The idea for an album evolved over time, they say. Throughout the pandemic, remote working and recording with multi-award-winning Canadian producer Daniel Ledwell (who has worked with Mick Flannery, Ben Caplan, and Jenn Grant) took place, the outcome of which included Les SalAmandas’ first two singles, Now is the Time, and Mouldy.

Cue the force of destiny once more. In what was surely a bolt from the blue, it was suggested that in order to finish the album within a reasonable time, Julie and Colyne should meet with Daniel at his residential studios in Lake Echo, Nova Scotia, and off they headed.

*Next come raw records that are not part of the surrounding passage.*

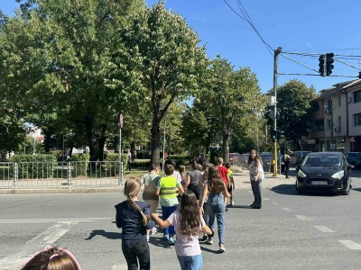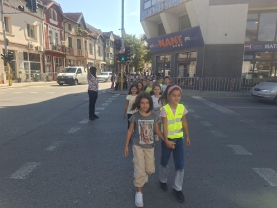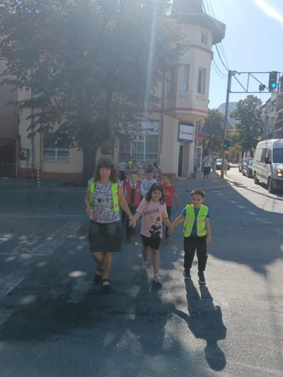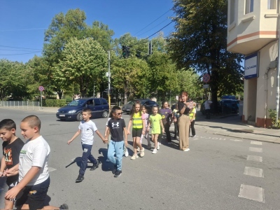 Под ръководството на своите учители, учениците показаха как правилно се преминава през кръстовище и защо вниманието на пътя е от решаващо значение.
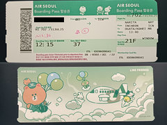 写真上が搭乗券の表面、下が裏面です。LINEのキャラクターとエアソウルの飛行機が描かれていてかわいいデザインです。
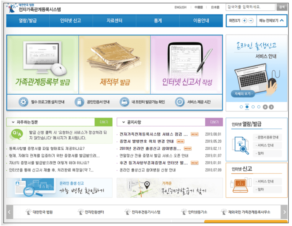 가족관계증명서 인터넷발급 방법
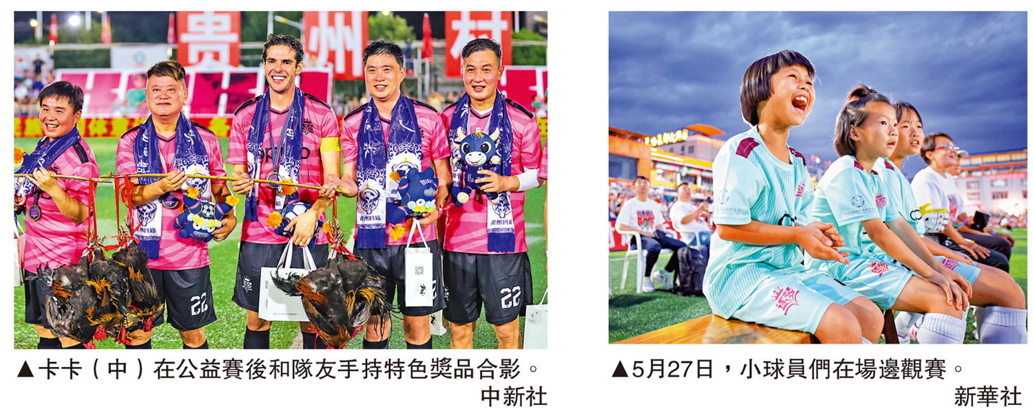 大公報據新華社報道:卡卡來了!繼奧雲與「村超」線上互動後,又一位傳奇球星來到了「村超」誕生地貴州榕江,除親身下場重現經典慶祝動作,更盛讚小球員的拚搏勁頭,直指「村超」場景跟巴西十分相像。卡卡的到來提升了「村超」的「段位」,而「村超」也打開了以卡卡為代表的外國友人了解中國的一扇窗。自去年5月13日,全稱為貴州榕江(三寶侗寨)和美鄉村足球超級聯賽的「村超」打響後,這一賽事便火爆「出圈」。進入2024年,「村超」更是新意滿滿,海外影響力不斷增強,在與英超牽手的基礎上,其模式還在非洲貝寧、南非等地被複製。一年多來,「村超」依然高光、魅力更甚。
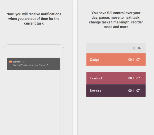 Aplikace Dayflow vám pomůže dokončit efektivně všechny vaše aktivity. Je ideální aplikací pro ty, kteří potřebují trochu motivovat do určitých činností. Lehce si určete, kdy končí váš den a začnete přidávat všechny aktivity, které musíte v daný den dokončit. Rychlé a spolehlivé – to je Dayflow.
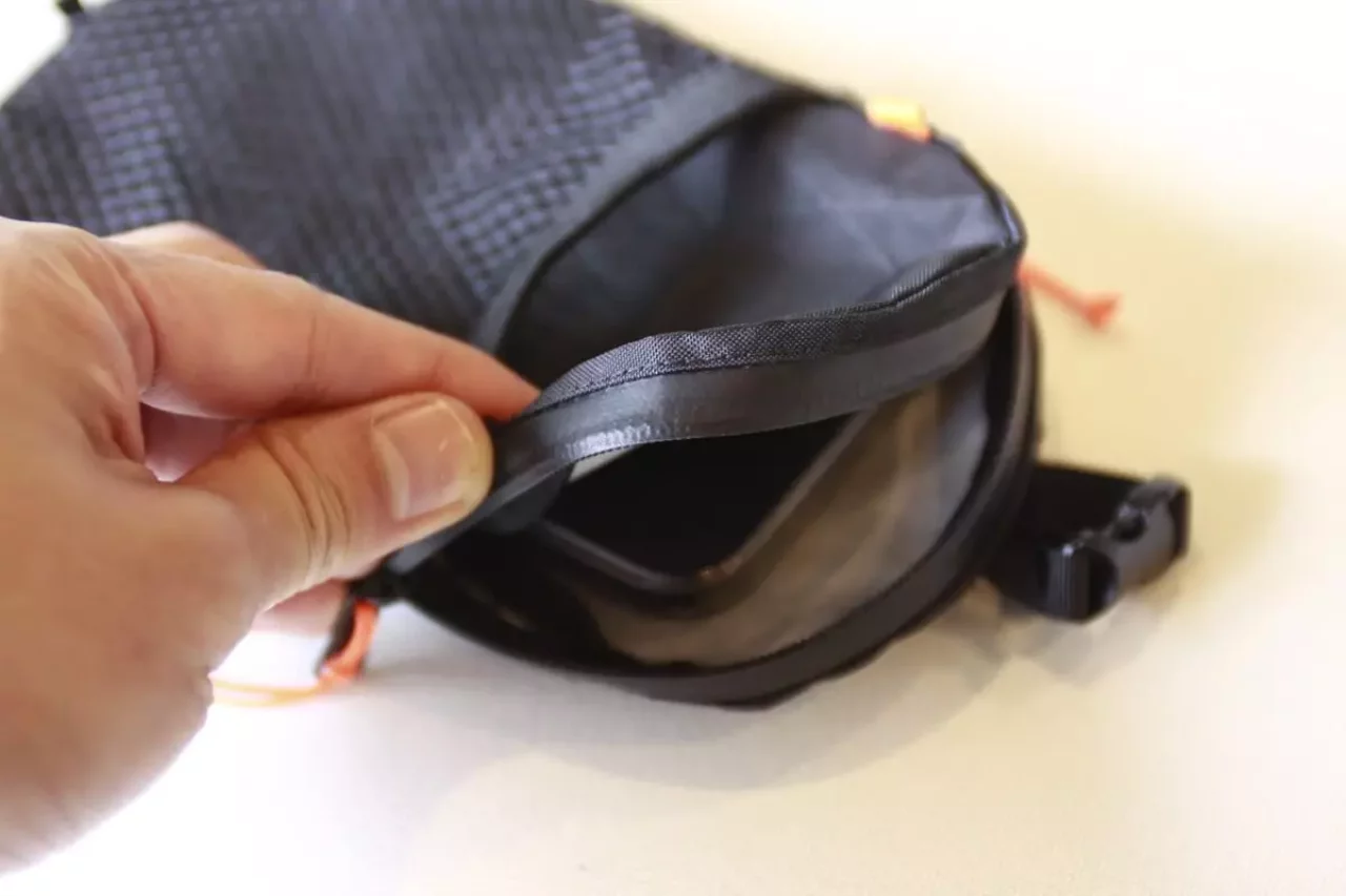 ポケット部分は止水ファスナーでU字型に開くので、スマホの出し入れがしやすく、雨に濡れづらく設計されています。
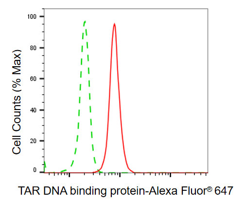 Flow cytometric analysis of TAR DNA binding protein expression in C2C12 cells using TAR DNA binding protein antibody. Green, isotype control; red, TAR DNA binding protein.
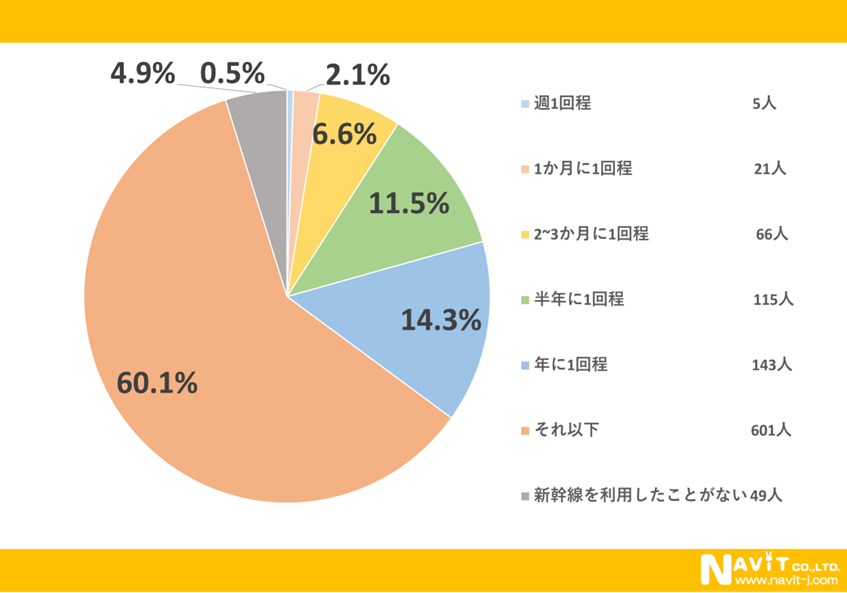 新幹線の利用頻度についてのアンケートで1番多かったのは「それ以下」と1年に1回も乗らないという人が60.1%と1番多い結果になりました。次に多かったのは「年に1回程度」という人が14.3%、続いて「半年に1回程度」が11.5%という結果になりました。
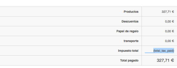 bultaco Posted November 11, 2014 Share Posted November 11, 2014 Hola. Cuando el cliente recibe el Correo de confirmación de pedido, el campo correspondiente al Impuesto total aparece con la variable {total_tax_paid} en vez de aparecer el valor correspondiente. Hemos mirado, consultado y probado decenas de posibles soluciones que hemos visto pero nada, no se soluciona. La versión de Prestashop que utilizamos es la 1.6.0.6 1 Link to comment Share on other sites More sharing options...
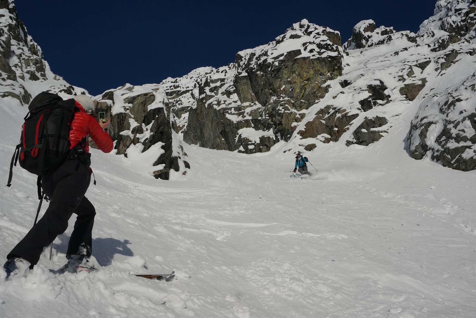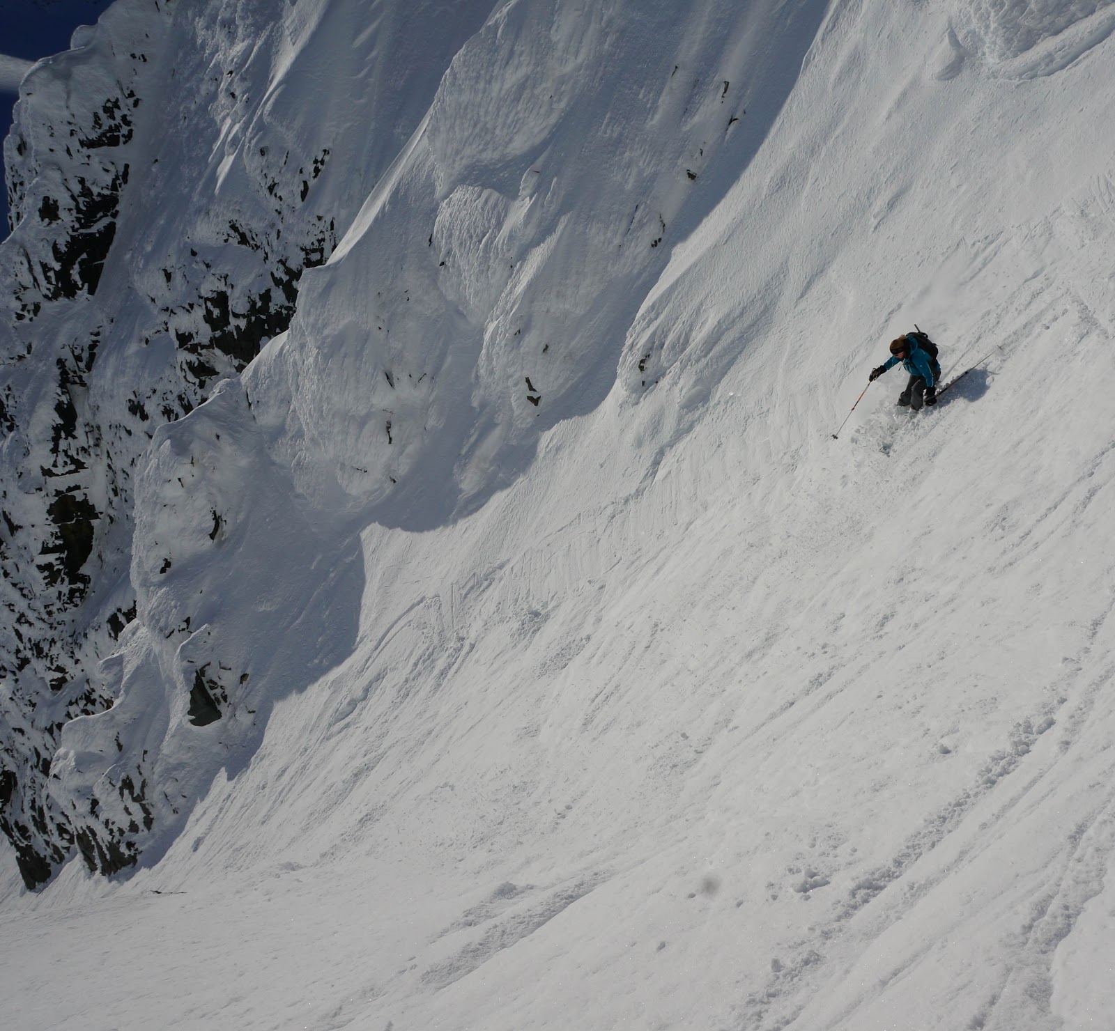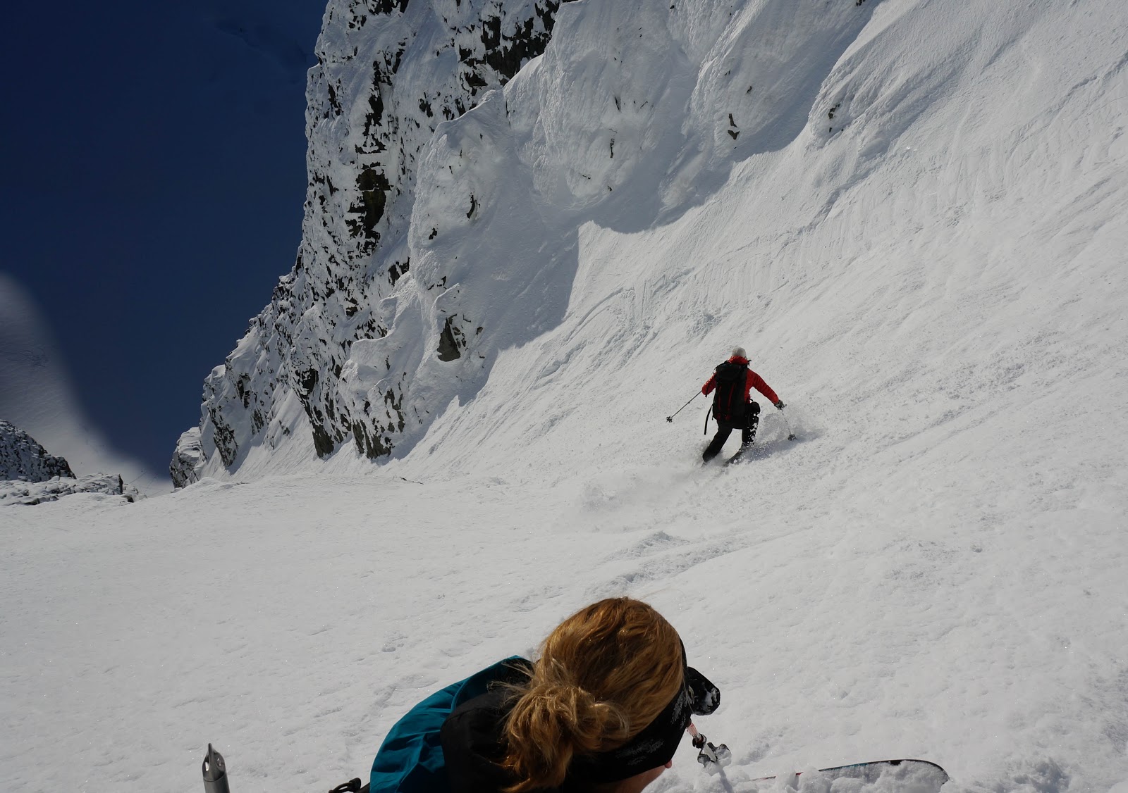 The ski descent was steep; stable; springy; SOLID! Basically one of the best backcountry runs I’ve ever taken. I believe I had, and this is the technical term, a “shit-eating grin” on my face the whole way down. So did Andrew and Alice.
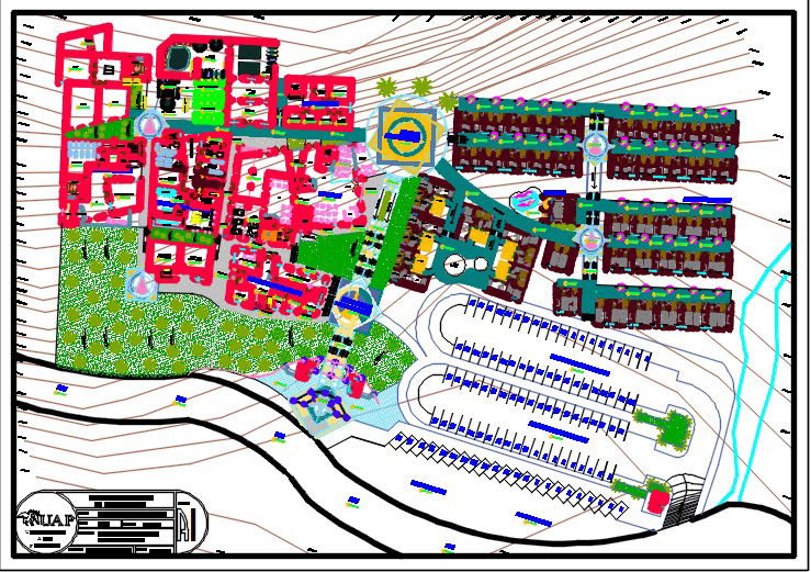 Tourist spa centre detail plan. Master layout of tourist spa centre with parking, contours, landscape design, parking, rooms and building organization as per different purpose.

Just over one year later (with a surprise but justified nomination in the Best Emerging Artist category in RTÉ Radio 1 Folk Awards 2022), the arrival of There’s a Sea Between Us is due to the organic chemistry of the songwriting, the tenacity and talent of Les SalAmandas, and the people who crowdfunded it into existence. Julie and Colyne are especially grateful to the community of Ballydehob (“from the first time we performed at all there was so much support,” says Julie. “Everyone was delighted to see us just trying”) and to their respective families and friends.

The two vocals gently compliment each other and make the album tracks delicate, fragile, passionate and strong as a human being can be. The first two tracks, Now Is The Time and My Head carry an optimistic feel and a determination coming within.The opening track is about acceptance and moving forward.  Given the roots of Colyne Laverriere, there is the French language used in some songs, making them more exotic to the unfamiliar ear, spicying things up.

The two vocals blend pleasantly together and they're backed by mellow melodies throughout the album. The lyrics are, in many cases quite relatable ("they don't get what's in my head, took me some time to discover"), life-observing  ("call me on a Tuesday, tell me how you hate me, how everything was ruined by the day you just had"), life-affirming ("we still love you and we want you well").

Last Chance breaks the chain of melancholic compositions - it is a lively number with a positive message hidden within once again.

The titlle track is quite symbolic if we take in an account the origins of the duo.The slow, somewhat nostalgic track is a perfect example of a combination of English and French in one song.

Both the story and the music of Les SalAmandas show that there are no boundaries for the creative mind and when two kindred spirits team up, the result is refreshing and exciting.